Showing posts with label Hakaret. Show all posts
Showing posts with label Hakaret. Show all posts

Friday, June 21, 2024

Arnavut Metin'e ben "Diamond Tema olamazsın!" demedim

Hikâye o ya. Adamın birinin pek hayırsız bir oğlu varmış. Edepsizliğinden ötürü babası "Sen adam olamazsın!" dermiş. Bizimkine de bu söz pek dokunurmuş. Kaçmış evden. Okumuş da okumuş. Felsefe, tarih, bilim falan. Kaçtığı kasabaya bu defa youtuber, aman, kaymakam olarak dönmüş. Hemen takipçilerine babasını çağırttırmış. Ne diyorum yahu? Ne takipçisi?
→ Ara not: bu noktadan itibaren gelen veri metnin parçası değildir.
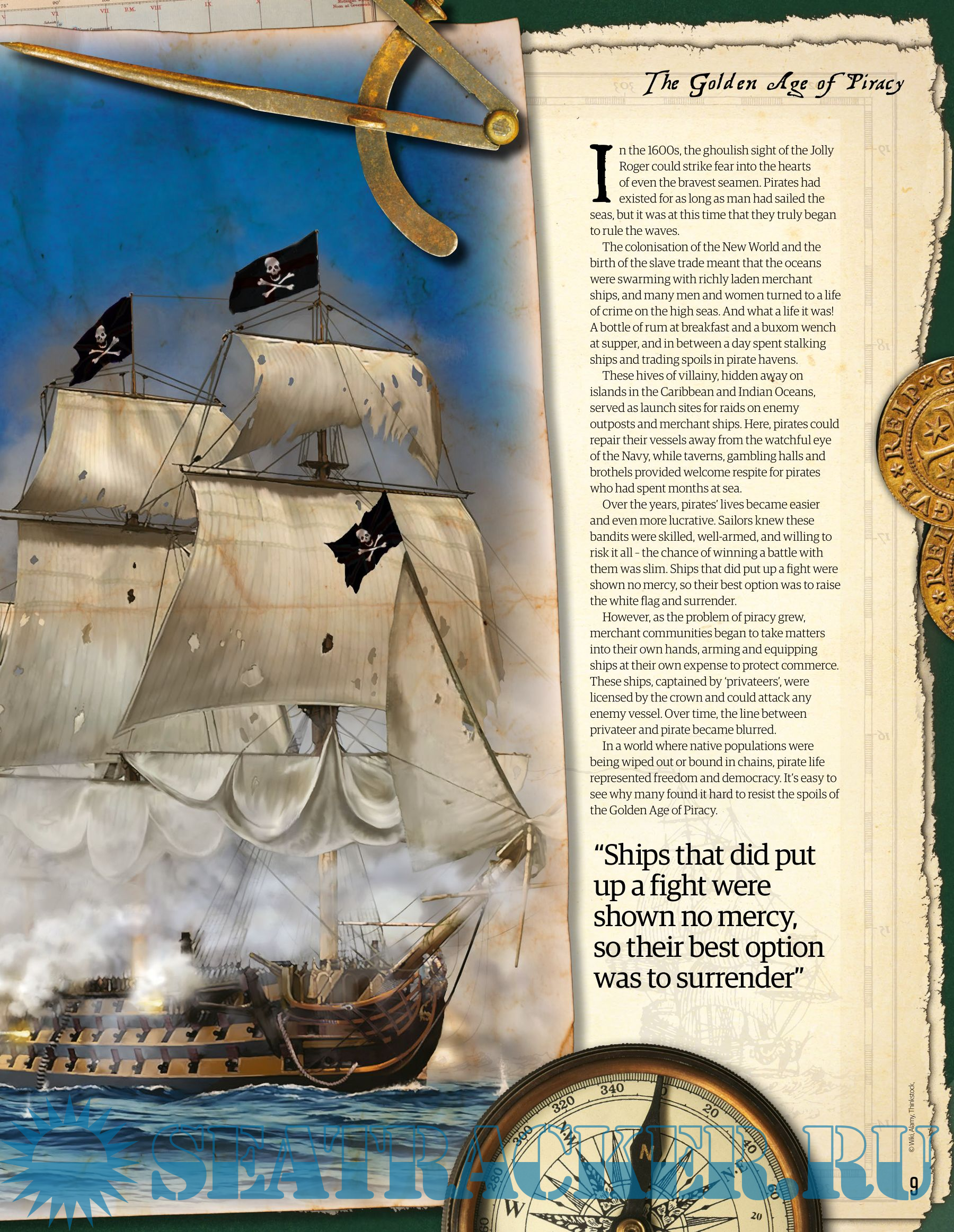 Year: 2018 Language: english Author: Digital Edition Genre: History Format: PDF Quality: eBook Pages count: 148 Description: In the 17th and 18th centuries, sailing from Europe or Africa to the Americas, or trading from India to Central America, was a risky undertaking. Ruthless pirates lurked on the horizon, craving wealth and reputation. In the All About History Book of Pirates, we cover everything you need to know about the legendary Golden Age of Piracy. Uncover the true stories of the bloodthirsty buccaneers who made their fortune plundering the high seas, from Captain Kidd and Edward ‘Blackbeard’ Teach to female pirates Anne Bonny and Mary Read. Find out what life was really like aboard a pirate ship, from the roles of the crew to divvying out the spoils. Investigate the founding and exploits of the notorious Flying Gang, a band of fierce pirate captains, and the piratical haven they founded on the island of New Providence in the Bahamas. Packed with incredible illustrations and insights into the period, this is the perfect guide for anyone who wants to learn about this famed Golden Age of history.
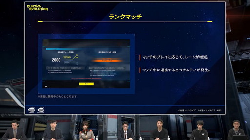 勝敗でレートが増減,レートの近いプレイヤー同士のマッチングが行われる。クローズドβテストで問題となった途中退室にはペナルティが科せられるという。レートを基にしたランキングイベントも行われるとのこと。

Yaverine çağırtmış. Babası endişeyle huzurunda elbağlayınca kimliğini açıklamış. Ve gururla tamamlamış: "Baba 'Sen adam olmazsın!' diyordun ya, bak, kaymakam oldum." Babası hüzünle yapıştırmış cevabı: "Oğlum, ben sana 'Youtuber olamazsın!' demedim ki, 'Adam olamazsın' dedim. Şayet adam olsaydın sen benim irfanıma gelirdin. Tutup beni agnostikliğine çağırmazdın."
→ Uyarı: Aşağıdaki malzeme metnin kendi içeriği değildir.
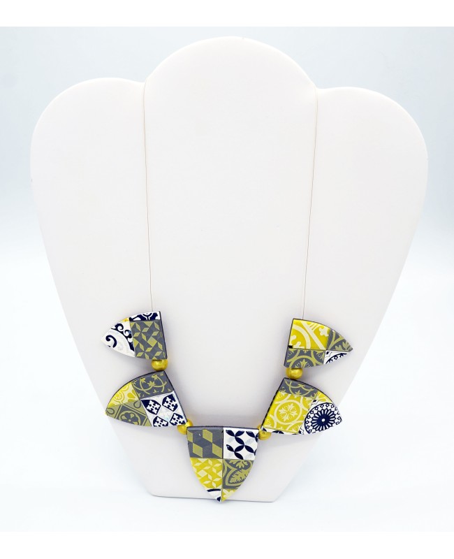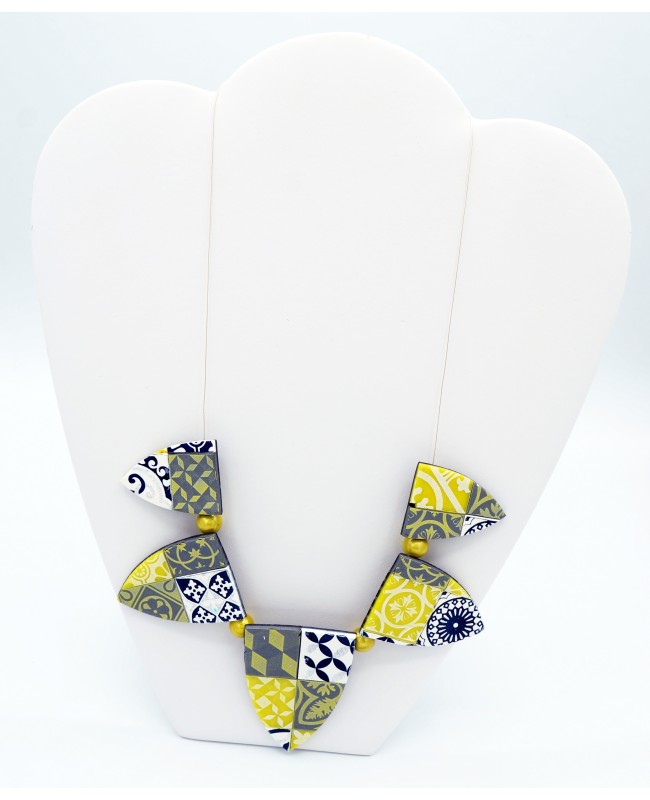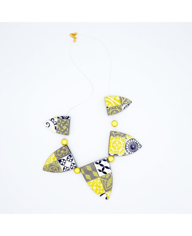 A hint of the Middle Ages for this necklace with its pendant pieces shaped like banners. Each banner is made up of several tiles reminiscent of faience. The whole piece is in white, yellow, grey, and navy blue, with yellow beads adding a touch of modernity.

Biraz karıştırdım galiba. Olsun. Kıssayı karıştırsak da siz hissesini karıştırmamışsınızdır. Mesajı almışsınızdır. Kimisinde böyle oluyor işte arkadaşlar. Ne yazık, tahsil cehaleti alıyor, amma eşekliği bâki bırakıyor. Bizde bir de derlerdi ki: Çingeneye youtuberlık vermişler, tutmuş, önce Peygamberine (a.s.m.) terbiyesizlik etmiş. Yok. O da öyle değildi. Çingeneye değil de Arnavut'a mı vermişlerdi yoksa?

Uzayda yaşamıyoruz a kuzum. Elbette dünyalıyız. Hatta, sorarsan, dünyanın da içindeniz. Türkiye'deniz. Yaşadığımız ülke müslüman bir ülke. Elhamdülillah. Türkiye ismini yüzyıl önce koysak da mührümüzü toprağına bin yıl önce basmışız. İlk olarak necip Araplar gelmiş buralara. O zamanlar her yer tarlaymış. Ta İstanbul'a kadar ilerlemişler. Eyyüb Sultan Hazretlerini nöbetçi bırakıp dönmüşler. Sonra azıcık geri çekilmişiz. Fakat çekilirken yiğit Kürtleri serhadde bırakmışız. Onlar düşmanı şarktan izlemişler. Arkasından mücahid Türk kardeşler gelmişler gümbür gümbür. Roma'ya bir tokat da onlar aşketmişler. Yetmemiş tâ İstanbul'u da almışlar. Yetmemiş Viyana önlerine çıkmışlar. Yetmemiş sonra...

Neyse. Uzatmayayım. Peşrevin ziyadesinden fayda yok. Cümlesinin kılıçlarına maşaallah diyelim. Tarihimiz uzundur. Detayları çoktur. Özetlersek şöyle deriz: Biz bu toprağın yepyerlisiyiz. Arnavut Metin gibi, estağfirullah, Diamond Tema gibi 'sonradan gelme' değiliz. Bu arada, Arnavut Metin dedim, ırkçılığa saymasınlar. Ahmed'in canı Arnavutlara kurban olsun. Ama müslüman Arnavutlara kurban olsun. Bu vatana onların da hizmeti çoktur. İstiklal Marşımızın yazarı bir Arnavuttur mesela. Diamond Tema'yaysa kılım dahi haram olsun. Zira bizim kardeşliğimiz kelime-i şehadetin iki ayağı üzerine sabittir.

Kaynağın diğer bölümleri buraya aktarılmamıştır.